A decline in the value of our futures contracts may result in margin calls that would adversely impact our liquidity.
We are required to maintain a margin account to cover losses related to our natural gas futures contracts. Futures contracts are valued daily, and if our contracts are in loss positions at the end of a trading day, our broker will transfer the amount of the losses from our margin account to a clearinghouse. If at any time the funds in our margin account drop below a specified maintenance level, our broker will issue a margin call that requires us to restore the balance. Payments we make to satisfy margin calls will reduce our cash reserves, adversely impact our liquidity and may also adversely impact our ability to expand our business. Moreover, if we are unable to satisfy the margin calls related to our futures contracts, our broker may sell these contracts to restore the margin requirement at a substantial loss to us. At June 30, 2009, we had $2.6 million on deposit related to our futures contracts.
If our futures contracts do not qualify for hedge accounting, our net income and stockholders' equity will fluctuate more significantly from quarter to quarter based on fluctuations in the market value of our futures contracts.
We account for our futures activities under SFAS 133, which requires us to value our futures contracts at fair market value in our financial statements. Our futures contracts historically have not qualified for hedge accounting, and therefore we have recorded any changes in the fair market value of these contracts directly in our consolidated statements of operations in the line item "derivative (gains) losses" along with any realized gains or losses during the period.
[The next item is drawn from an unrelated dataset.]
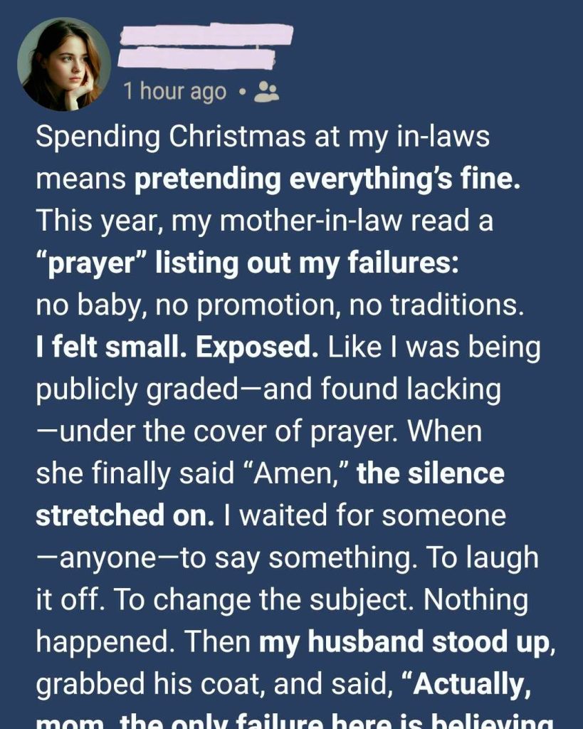 Spending Christmas at my in-laws’ house had always felt like stepping onto a stage. Not the kind filled with joy, laughter, and warmth, but the draining kind where you rehearse your lines in advance and force a smile until your cheeks ache. Each year I told myself it might be different. Each year, it never was.
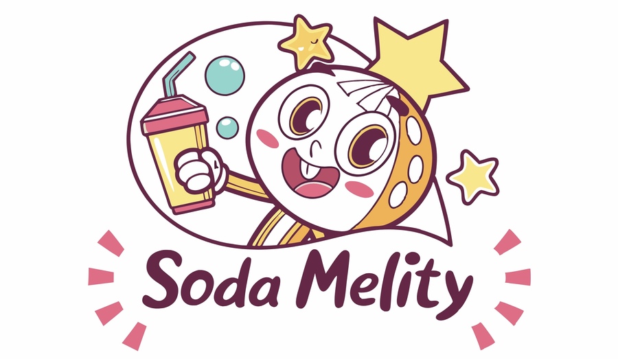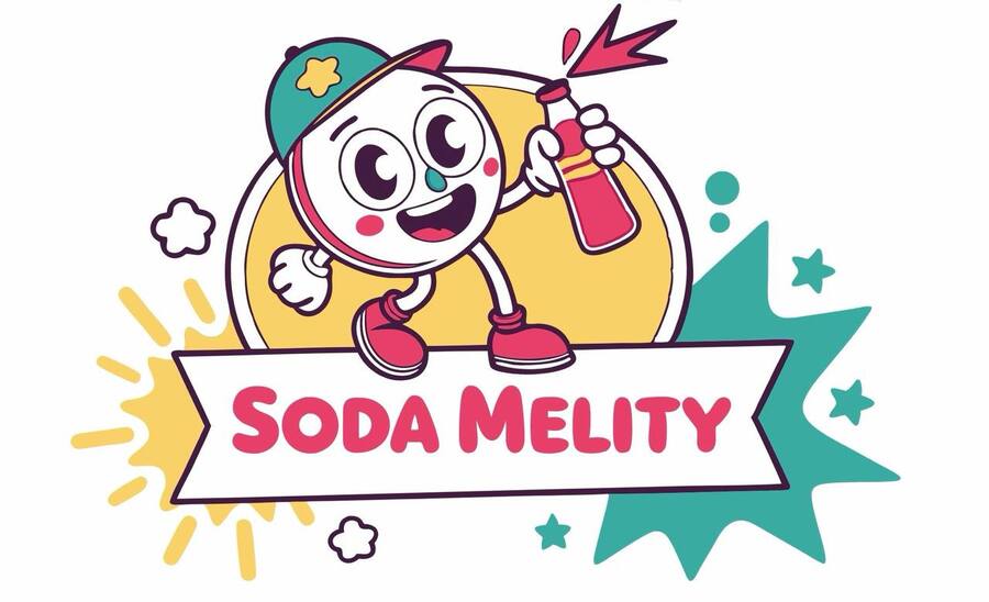/imagine prompt: a logo for company of soda for children and teenagers in a meta style with a mascot of the soda melity company

Currently, we attempt to qualify all of our futures contracts for hedge accounting under SFAS 133, but there can be no assurances that we will be successful in doing so. At June 30, 2009, all of our futures contracts qualified for hedge accounting.. To the extent that all or some of our futures contracts do not qualify for hedge accounting, we could incur significant increases and decreases in our net income and stockholders' equity in the future based on fluctuations in the market value of our futures contracts from quarter to quarter. For example, we experienced a derivative gain of $33.1 million and $5.7 million for the three months ended September 30, 2005 and June 30, 2008, respectively, and experienced derivative losses of $19.9 million, $0.3 million, $65.0 million, $13.7 million, $6.0 million and $0.3 million for the three months ended December 31, 2005, March 31, 2006, September 30, 2006, December 31, 2006, September 30, 2008 and December 31, 2008, respectively. We had no derivative gains or losses for the three months ended June 30, 2006, March 31, 2007, June 30, 2007, September 30, 2007, December 31, 2007, March 31, 2008, March 31, 2009 and June 30, 2009. Any negative fluctuations may cause our stock price to decline due to our failure to meet or exceed the expectations of securities analysts or investors.
Compliance with potential greenhouse gas regulations affecting our LNG plants or fueling stations may prove costly and negatively affect our financial performance.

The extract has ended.